(Problem description): The records below are to be restated word for word, with their images omitted.

(Exercise material):
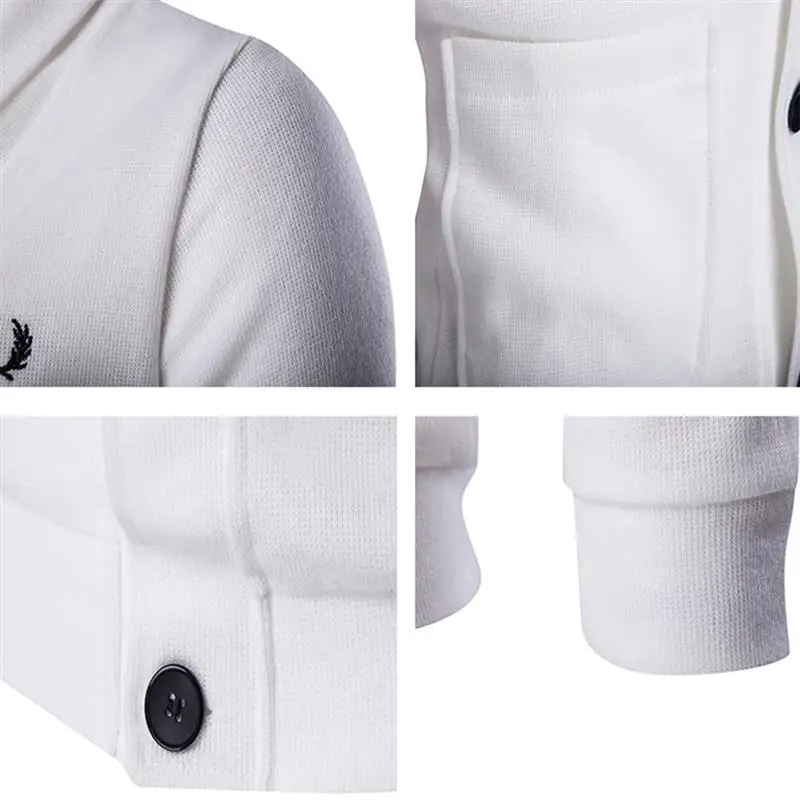 2019 осенний белый кардиган с отложным воротником и вышивкой пшеницы, повседневный однобортный Тонкий Однотонный свитер, мужской свитер XXL
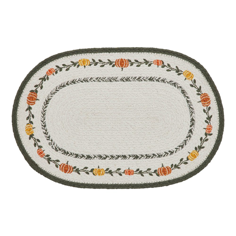 Imagine stepping into a cozy autumn embrace with the VHC Brands Braided Cotton Pumpkin Bounty Oval Placemat Stencil. Crafted from a delightful blend of cotton and polyester, its gentle softness offers an inviting touch to your fall table, promising a truly comforting dining experience. The charming oval shape, meticulously braided, forms a rustic yet elegant canvas, while the intricate stencil work brings harvest magic to life. See the vibrant glow of plump pumpkins and the delicate curl of winding vines, painted in rich hues of burnt orange and cypress green, gracing your setting with an undeniable warmth and festive cheer. This decorative placemat is designed to perfectly capture the serene essence of fall, transforming your home into a welcoming farmhouse retreat. The graphic display of bountiful pumpkins and lush vines whispers tales of harvest abundance, making it an indispensable accent for your fall feasts and cherished Thanksgiving gatherings. Whether nestled on your dining room table or adorning a rustic kitchen island, its country charm creates an atmosphere brimming with warmth, ready for cherished family moments. Beyond its inviting aesthetic, this VHC Brands placemat offers practical beauty; hand washable for easy care, its stenciled design ensures lasting vibrancy, allowing you to celebrate the season's bounty year after year.
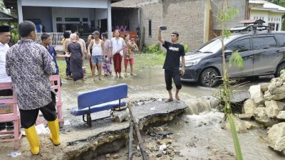 “Ternyata sungai mengalami tumpat karena ada masyarakat yang memiliki perkebunan dan menutup alur sungai, nah ini yang harus kita jebol dan lakukan normalisasi. Akibat tanggul yang jebol ada masyarakat yang rumahnya terdampak langsung dan harus diungsikan terlebih dahulu,” ungkap Bupati Zahir.
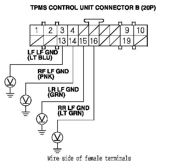 14. Measure the voltage between body ground and the appropriate TPMS control unit connector B (20P) terminal.
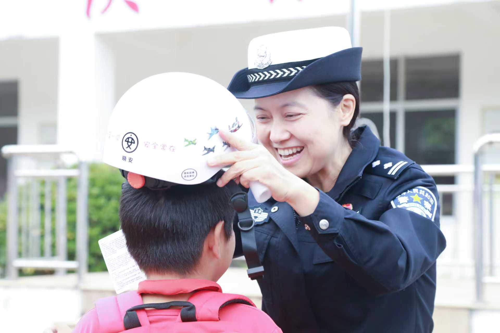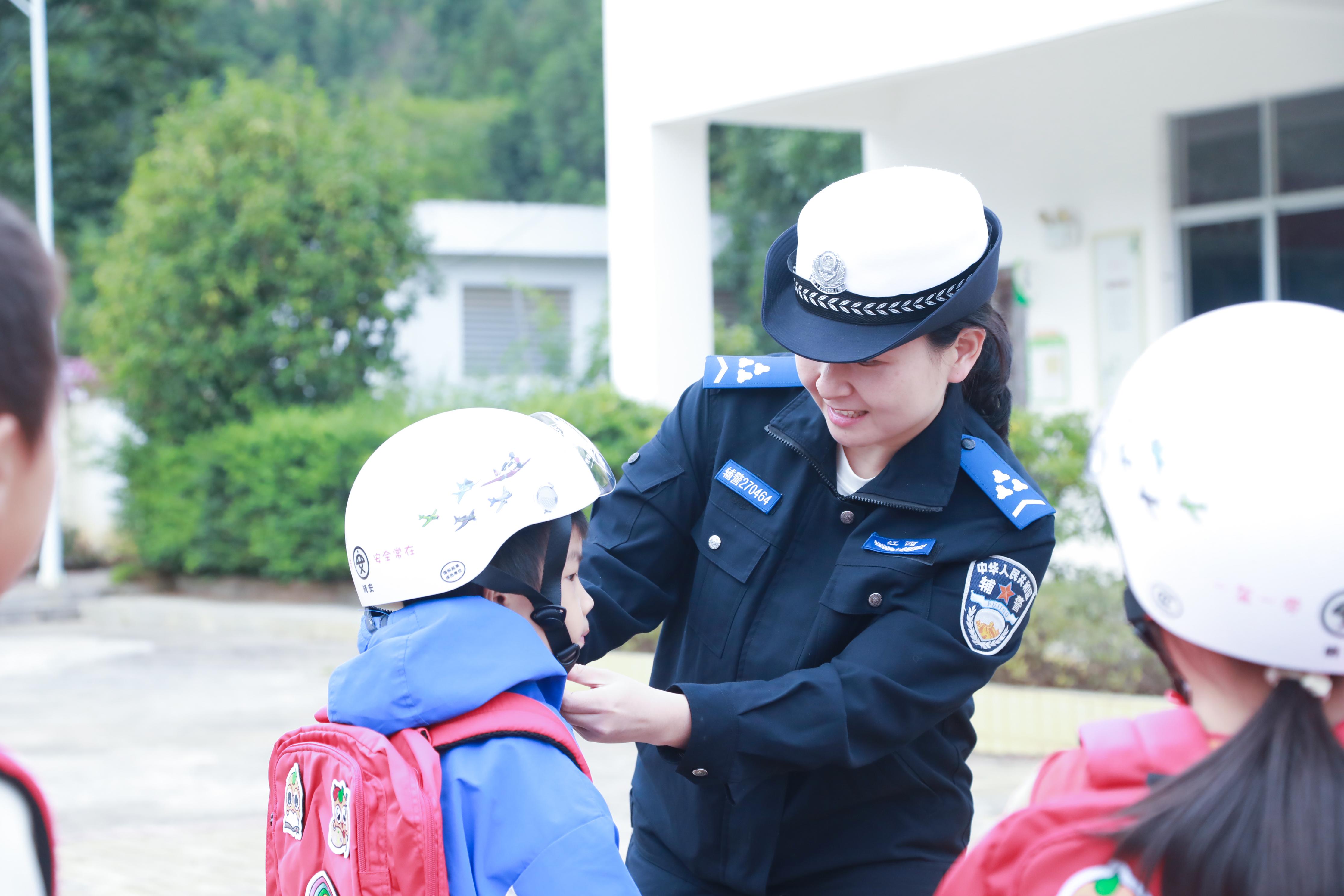 圖為10月24日,民警在章貢區(qū)水西鎮(zhèn)凌源小學(xué)為學(xué)生贈送書包和安全頭盔。
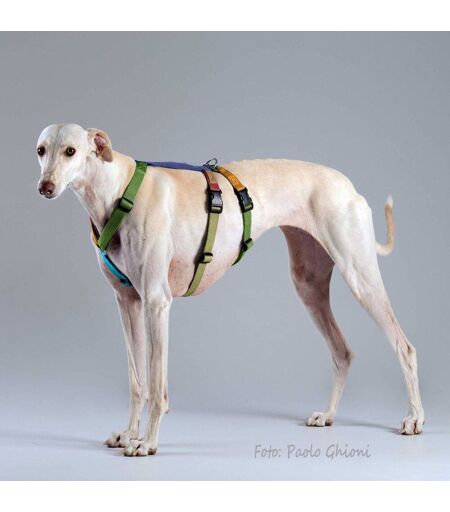Haqihana Pettorina Doppia H Antifuga per Cani – Multicolor, Comoda e Sicura La pettorina Haqihana Doppia H Multicolor è la scelta perfetta per chi cerca un accessorio antifuga, comodo, regolabile e dal design unico. Realizzata artigianalmente con materiali europei di alta qualità, è pensata per garantire massimo comfort al tuo cane senza sfregamenti, dolore o costrizioni. ✨ Caratteristiche principali: Design antifuga ideale per cani levrettati e timorosi, Regolabile in 7 punti per una vestibilità precisa, Cuciture di sicurezza e componenti plastici senza spigoli, ️ Massima stabilità anche in caso di strattoni o tentativi di fuga, Facile da indossare e togliere, Fantasia multicolor per uno stile vivace e originale, Made in Italy con etica e attenzione artigianale. Disponibile in 2 taglie:– S2H (torace 50-75cm);– M2H (torace 60-90cm). Ideale per:Progettata specificamente per Greyhound, Galgo, Whippet e altre razze con torace profondo e forma levrettata, ma adatta anche a tutti i cani che necessitano di una pettorina sicura e antifuga. ...

(Task output):
 2019 осенний белый кардиган с отложным воротником и вышивкой пшеницы, повседневный однобортный Тонкий Однотонный свитер, мужской свитер XXL
 Imagine stepping into a cozy autumn embrace with the VHC Brands Braided Cotton Pumpkin Bounty Oval Placemat Stencil. Crafted from a delightful blend of cotton and polyester, its gentle softness offers an inviting touch to your fall table, promising a truly comforting dining experience. The charming oval shape, meticulously braided, forms a rustic yet elegant canvas, while the intricate stencil work brings harvest magic to life. See the vibrant glow of plump pumpkins and the delicate curl of winding vines, painted in rich hues of burnt orange and cypress green, gracing your setting with an undeniable warmth and festive cheer. This decorative placemat is designed to perfectly capture the serene essence of fall, transforming your home into a welcoming farmhouse retreat. The graphic display of bountiful pumpkins and lush vines whispers tales of harvest abundance, making it an indispensable accent for your fall feasts and cherished Thanksgiving gatherings. Whether nestled on your dining room table or adorning a rustic kitchen island, its country charm creates an atmosphere brimming with warmth, ready for cherished family moments. Beyond its inviting aesthetic, this VHC Brands placemat offers practical beauty; hand washable for easy care, its stenciled design ensures lasting vibrancy, allowing you to celebrate the season's bounty year after year.
 “Ternyata sungai mengalami tumpat karena ada masyarakat yang memiliki perkebunan dan menutup alur sungai, nah ini yang harus kita jebol dan lakukan normalisasi. Akibat tanggul yang jebol ada masyarakat yang rumahnya terdampak langsung dan harus diungsikan terlebih dahulu,” ungkap Bupati Zahir.
 14. Measure the voltage between body ground and the appropriate TPMS control unit connector B (20P) terminal.
 圖為10月24日,民警在章貢區(qū)水西鎮(zhèn)凌源小學(xué)為學(xué)生贈送書包和安全頭盔。
Haqihana Pettorina Doppia H Antifuga per Cani – Multicolor, Comoda e Sicura La pettorina Haqihana Doppia H Multicolor è la scelta perfetta per chi cerca un accessorio antifuga, comodo, regolabile e dal design unico. Realizzata artigianalmente con materiali europei di alta qualità, è pensata per garantire massimo comfort al tuo cane senza sfregamenti, dolore o costrizioni. ✨ Caratteristiche principali: Design antifuga ideale per cani levrettati e timorosi, Regolabile in 7 punti per una vestibilità precisa, Cuciture di sicurezza e componenti plastici senza spigoli, ️ Massima stabilità anche in caso di strattoni o tentativi di fuga, Facile da indossare e togliere, Fantasia multicolor per uno stile vivace e originale, Made in Italy con etica e attenzione artigianale. Disponibile in 2 taglie:– S2H (torace 50-75cm);– M2H (torace 60-90cm). Ideale per:Progettata specificamente per Greyhound, Galgo, Whippet e altre razze con torace profondo e forma levrettata, ma adatta anche a tutti i cani che necessitano di una pettorina sicura e antifuga. ...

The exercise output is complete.